Showing posts with label Lost Visionary of the Cinema. Show all posts
Showing posts with label Lost Visionary of the Cinema. Show all posts

Saturday, December 7, 2024

Recommended reading - Alice Guy Blache: Lost Visionary of the Cinema

 

Alice Guy Blache: Lost Visionary of the Cinema

by Alison McMahan.
 
Filmed as Be Natural: The Untold Story of Alice Guy-Blaché (2018), documentary directed by Pamela B. Green.
 
Published by Continuum Intl Pub Group.
Published 2002.
Hardcover.

ISBN-10: 0826451586
ISBN-13: 978-0826451583
 
Description:
 
The time has arrived, so it would seem, when woman must take her place beside man in the majority of arts and professions in the business world. In women of the caliber of Madame Alice Blaché it has also been demonstrated that there is a possibility of their doing so without being shorn of that most desirable of womanly qualities, femininity. – The Moving Picture News, 1912.
 
It has long been a source of wonder to me that many women have not seized upon the wonderful opportunities offered to them by the motion-picture art to make their way to fame and fortune as producers of photodramas.
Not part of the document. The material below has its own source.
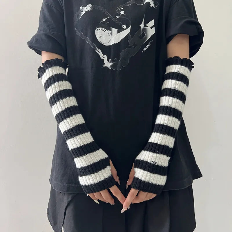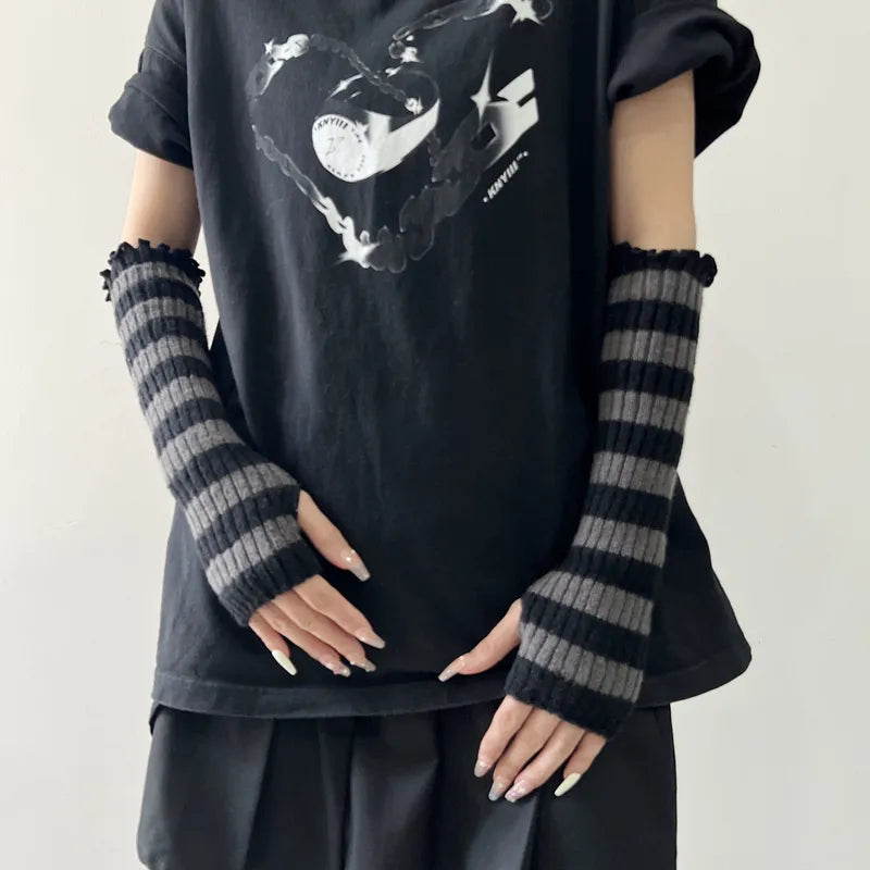 Women's Preppy Style Streetwear Sports Splicing Gloves Arm Sleeves

Of all the arts there is probably none in which they can make such a splendid use of talents so much more natural to a woman than to a man and so necessary to its perfection. – Alice Guy Blaché, 1914.
 
Over a hundred years after she started making films (which was considerably earlier than D.W. Griffith, Mabel Normand, and Lillian Gish began their careers), the life and work of Alice Guy Blaché is still shrouded in myth and controversy.
 
Only a fraction (111) of the approximately one thousand films that she directed still exist, and almost half of these have been found very recently. The films are spread out in archives all over the world. Not all of them are available for viewing, even to scholars, and many of them are in desperate need of conservation and preservation.
 
It is widely agreed that she was the first woman filmmaker but there is considerable debate as to whether she made the first ever fiction film. She played a key role in early sound film production, and yet this part of her career is almost always ignored. She is, to this day, the only woman ever to have owned and run her own film studio. And yet she made her final film in 1920, at the age of 47, and died in New Jersey in 1968, unacknowledged, unheralded, almost totally forgotten.
 
Ten years of painstaking research has enabled Alison McMahan to piece together the career of this extraordinary woman. What results is the first full-length treatment of Alice Guy Blaché’s work, the debunking of several long-standing myths about her and, ultimately, the emergence of a feminist figurehead of the filmmaking industry.
 
"McMahan s book is an obsessively detailed history of a true motion-picture pioneer." – American Cinematographer, July 2002.
 
"The author provides intriguing information about Guy s life, the early days of film production, and Guy s independent film company (Solax)." – Choice, November 2002.
 
"A fascinating book that will interest scholars and general readers alike." – Richard Abel, Drake University.
 
"Monumental...a daunting achievement." – Los Angeles Times, August 15, 2002.